Pemangku adat Orang Rimba, Tengganai Besemen. (Foto: KBR/Elvi)

Wacana pembentukan koperasi juga mengemuka. Tujuannya agar Orang Rimba lepas dari jerat toke dan lebih sejahtera.

“Supaya dari Orang Rimba untuk Orang Rimba, termasuk orang luar juga yang hasil hutan dari kawasan, jualnya jangan keluar. Harganya juga bisa bersaing,” lanjut Saefullah.

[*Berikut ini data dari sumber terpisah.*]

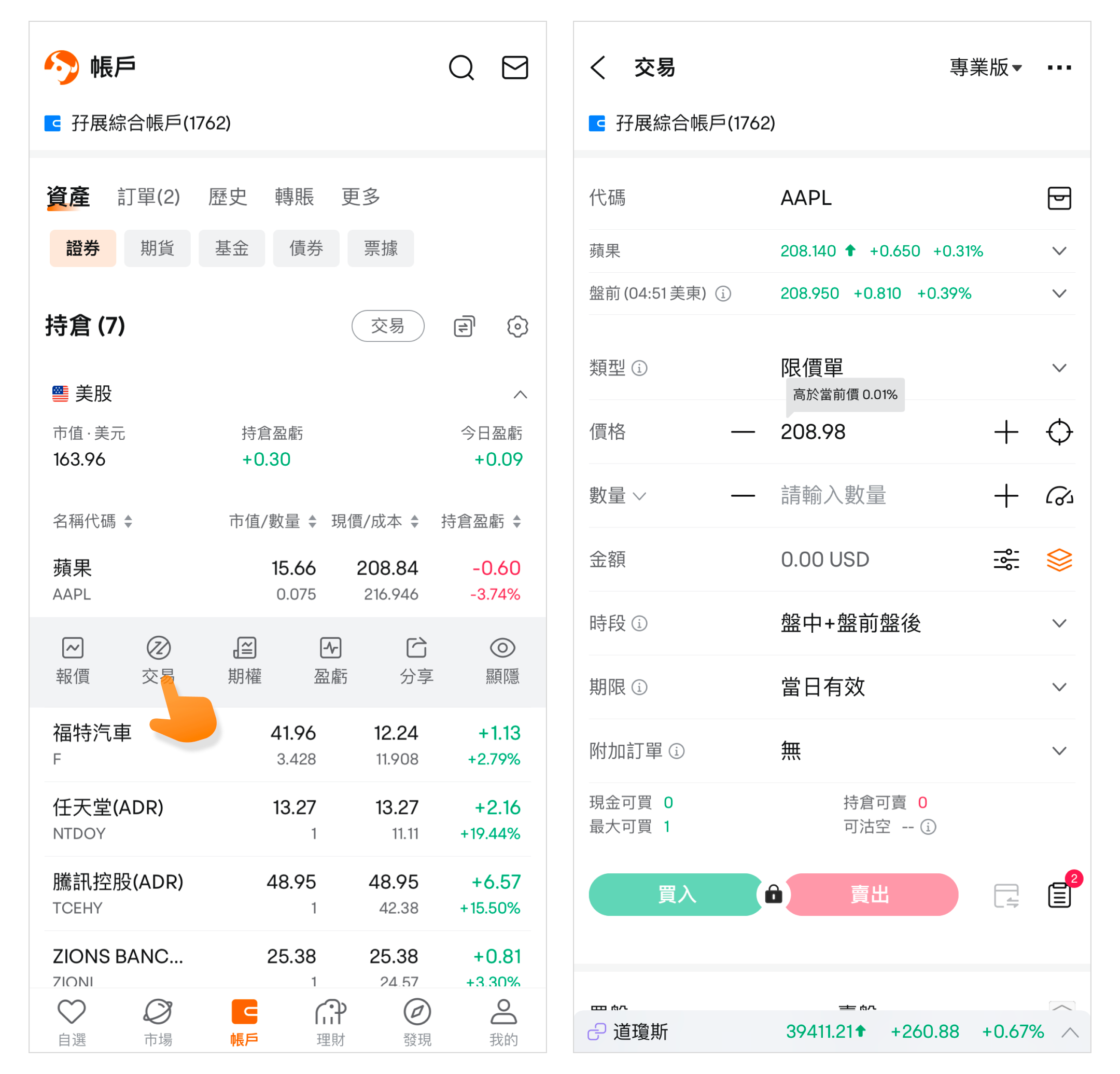 点击「交易」按钮,您可在此处直接买入或卖出该股票。

Koperasi bisa menjadi wadah edukasi tentang konservasi rotan. Melalui lembaga ini, pengambilan hasil hutan juga dapat dibatasi untuk mencegah kepunahan.

“Selama ini kan Orang Rimba ngeluarin ya ngeluarin aja, tanpa ada perhitungan kuota dari kita. Memang harus ada sih, tidak hanya rotan, damar juga. Kami lagi inventarisasi sebaran HHBK (hasil hutan bukan kayu). Kalau sudah kami peroleh datanya, bisa kita tetapkan kuotanya berdasarkan kelimpahan yang ada di dalam kawasan,” ungkap Saefullah.

Berbagai rencana ini disambut baik Orang Rimba. Namun, mereka tak ingin nasibnya hanya berhenti sebagai penjual rotan mentah.

“Harapan kami rimba ini kita lindungi untuk selama-lamanya, sampai ke cucu kami. Kalau pemerintah kasihan sama kami Orang Rimba, bagaimana tata kelola kerajinan rotan. Jadi, jangan kami hanya tahu sejak jaman nenek moyang bikin ambung (keranjang) saja,” kata pemangku adat Orang Rimba, Tengganai Besemen.

Ini merupakan karya hasil fellowship biodiversitas SISJ-EJN 2022.